* [Your goal] For this exercise, retype each line of the material below verbatim and omit any picture.

* [Given information]
========================================
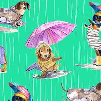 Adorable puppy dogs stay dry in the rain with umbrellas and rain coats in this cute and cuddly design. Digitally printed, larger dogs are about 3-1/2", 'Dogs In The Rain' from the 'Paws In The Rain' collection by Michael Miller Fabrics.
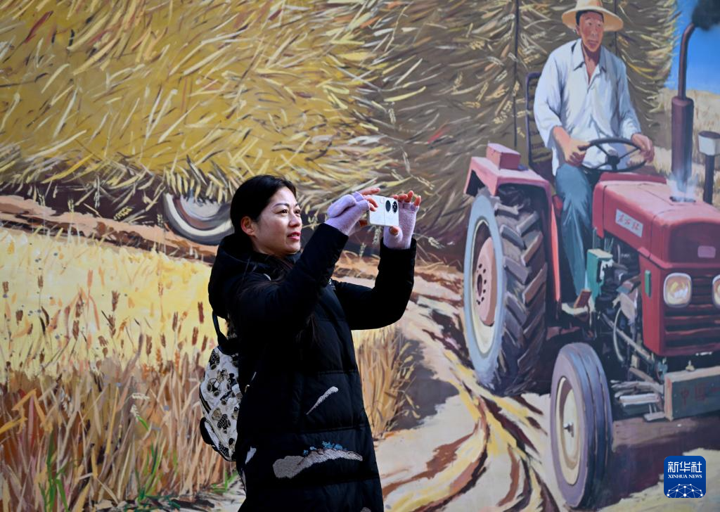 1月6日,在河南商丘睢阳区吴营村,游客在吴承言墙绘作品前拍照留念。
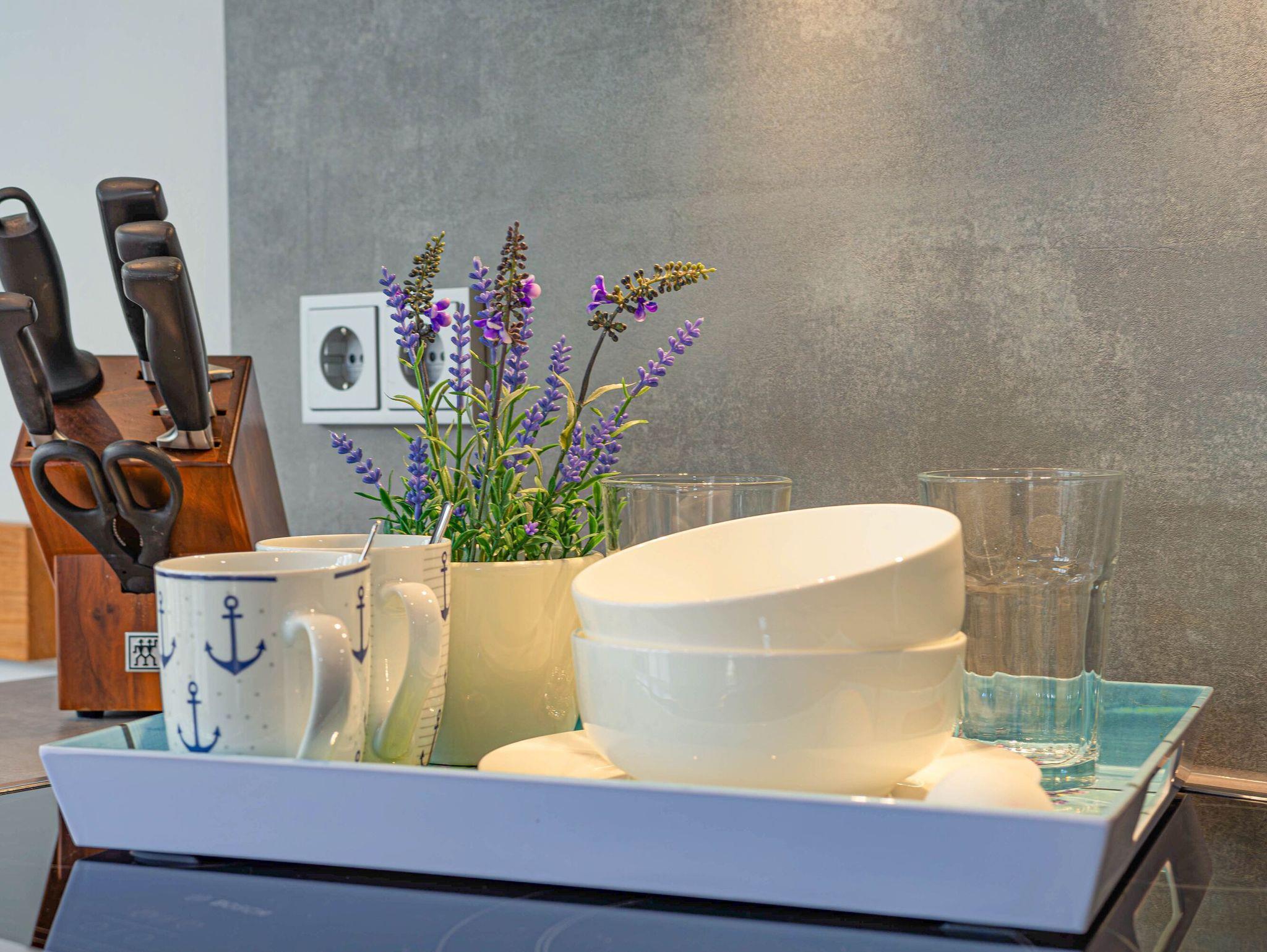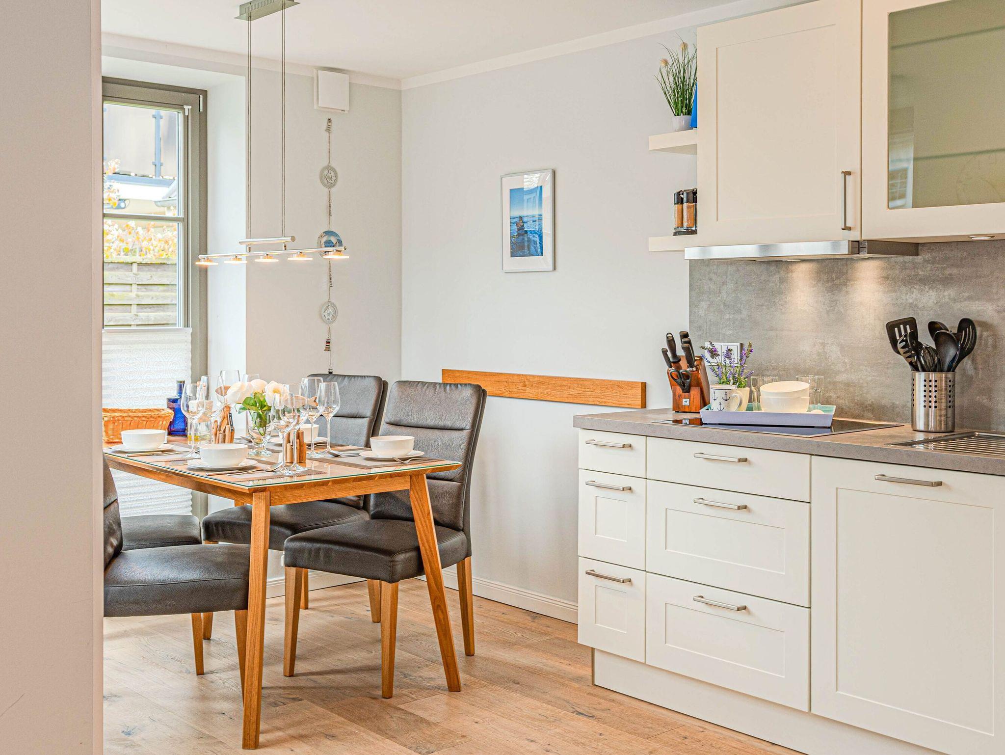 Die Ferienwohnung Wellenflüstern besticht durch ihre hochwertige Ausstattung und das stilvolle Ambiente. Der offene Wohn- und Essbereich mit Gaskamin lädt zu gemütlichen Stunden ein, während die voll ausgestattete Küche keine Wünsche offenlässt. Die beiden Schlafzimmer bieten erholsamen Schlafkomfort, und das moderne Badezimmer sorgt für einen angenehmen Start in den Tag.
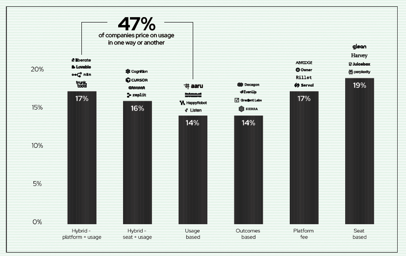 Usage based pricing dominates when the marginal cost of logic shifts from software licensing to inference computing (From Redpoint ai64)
========================================
* [Result]
 Adorable puppy dogs stay dry in the rain with umbrellas and rain coats in this cute and cuddly design. Digitally printed, larger dogs are about 3-1/2", 'Dogs In The Rain' from the 'Paws In The Rain' collection by Michael Miller Fabrics.
 1月6日,在河南商丘睢阳区吴营村,游客在吴承言墙绘作品前拍照留念。
 Die Ferienwohnung Wellenflüstern besticht durch ihre hochwertige Ausstattung und das stilvolle Ambiente. Der offene Wohn- und Essbereich mit Gaskamin lädt zu gemütlichen Stunden ein, während die voll ausgestattete Küche keine Wünsche offenlässt. Die beiden Schlafzimmer bieten erholsamen Schlafkomfort, und das moderne Badezimmer sorgt für einen angenehmen Start in den Tag.
 Usage based pricing dominates when the marginal cost of logic shifts from software licensing to inference computing (From Redpoint ai64)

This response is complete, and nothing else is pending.